Despite Culmer's puritanical objections, there can be little doubt that most contemporaries considered the Bishop of Rochester's 'pious & noble work' to be an ornament of singular beauty and importance. (29)

A document of 1663 refers to 'Articles for Agreement', now lost, drawn up between Warner and the sculptor John Christmas in 1637, and provides the hitherto unknown name of the artist who created the font. (30) John Christmas and his rather more shadowy brother Matthias were the sons of the sculptor Gerard Christmas, Carver to the Navy. (31) They worked under their father in the shipyards at Deptford and Woolwich from c. 1617/18, and John succeeded him as Carver to the Navy on his death in 1633/34. His masterpiece was the decoration of the warship Sovereign of the Seas (launched 1638), a task he shared with Matthias, following an iconographical programme devised by the dramatist Thomas Heywood. The brothers also assisted their father as 'Artificers' creating the Lord Mayor of London's pageant of 1628, and in 1635 they succeeded their father as Chief Artificers, a post they held until 1639, when the annual parades were suspended by order of Parliament. They also carved stone funerary monuments, most notably the magnificent tomb to Archbishop Abbot (1562-1633), Laud's predecessor as Archbishop of Canterbury, in Holy Trinity, Guildford c. 1635-40 (Figs. 5 and 6). (32)

[FIGURES 5-6 OMITTED]

John Christmas--who occasionally worked independently of his brother--was probably contracted as the sculptor for Dr Warner's font on the recommendation of Archbishop Abbot. Warner is known to have been on 'particular terms of intimacy' with Abbot and members of his family, and the archbishop had given Warner his first preferment. (33) A member of the Christmas family--in this case the father, Gerard--probably created the impressive public conduit that Archbishop Abbot erected, at his sole expense, in Canterbury in 1626. (34) 'Abbots Conduit', which no longer survives, was an elaborate, octagonal structure, supported on columns, enclosing a sculptural group depicting Christ and the woman of Samaria at the well. An engraved view (Fig. 8), illustrating an encomium entitled Jacob's Wel, and Abbots Conduit, paralleled, preached, and applied, in the Cathedrall and Metropolitical Church of Christ in Canterbury, to the use of that citie, etc. (1626), shows it surmounted by an ogee-domed roof, crowned by an elaborate finial, and adorned with allegorical figures. (35) It bears a strong resemblance to the design of Warner's font, and shares many characteristics with Archbishop Abbot's tomb at Guildford (which is signed by both John and Matthias Christmas), notably the 'wayward Doric' order of the columns, the freestanding allegorical figures and 'Armes or Scutcheons', and the use of ogee, or drop-shaped, consoles to support them. (36)

[FIGURE 8 OMITTED]

Warner's font was in place for only two years before it was vandalised and then dismantled.

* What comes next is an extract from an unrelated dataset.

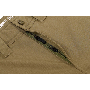 - Double zip front fly for access with a gun belt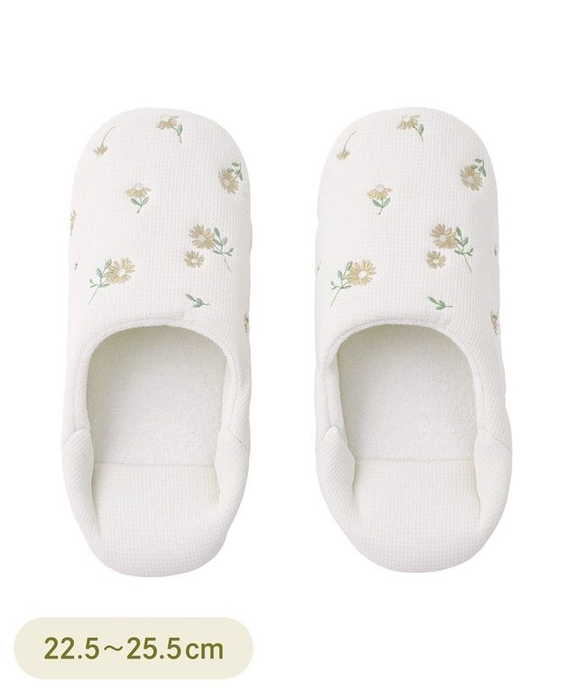 ●上品で可愛らしい花刺繍が、おうち時間の足元を華やかに演出します。

There has been some confusion as to its fate during the period 1641-42, but it can be demonstrated that the font was dismantled in two successive campaigns: in the first attack it was denuded of its statuary, and it was totally dismantled in the second. Culmer, writing in 1644, described the first assault:
 On Candlemas day [2 February] at night, 1641 [1642
 new style]. Those Consecrated Images about their
 new Cathedrall Font were demolished, & taken
 away they knew not how, nor by whom that
 purification was observed, without Candles: but a
 few days after, some of those Idols were found in
 that Cathedrall, in a Pulpit, where a Sermon had not bin
 preached neer 20. years before: But were not those
 Images put into that Pulpit, to preach in that
 Cathedrall, touching wooden Priests, and Idol-Shepheards?
 But of that busines, the Prelats made
 no dumb complaint to the King himselfe, when he
 was last there, in his journey with the Qu:[een] to
 Dovor: they carryed him to the Font, and shewed
 him the lamentable condition, and ruine of their new
 consecrated Font, and where those Images had stood
 about it. And indeed they could better endure the
 late felling of about 300. Episcopall and Cathedrall
 Oakes in one year, for their owne game: then they
 could endure the pulling down of those 18. Idols of
 wood & stone (37)


It is interesting that the Puritan iconoclasts did not destroy the statues they removed from the font, but hid them in a disused pulpit, as if to taunt the cathedral clergy with their fallen 'Idols'. The reaction of the clergy--taking the King and Queen to see the destruction for themselves--is equally significant.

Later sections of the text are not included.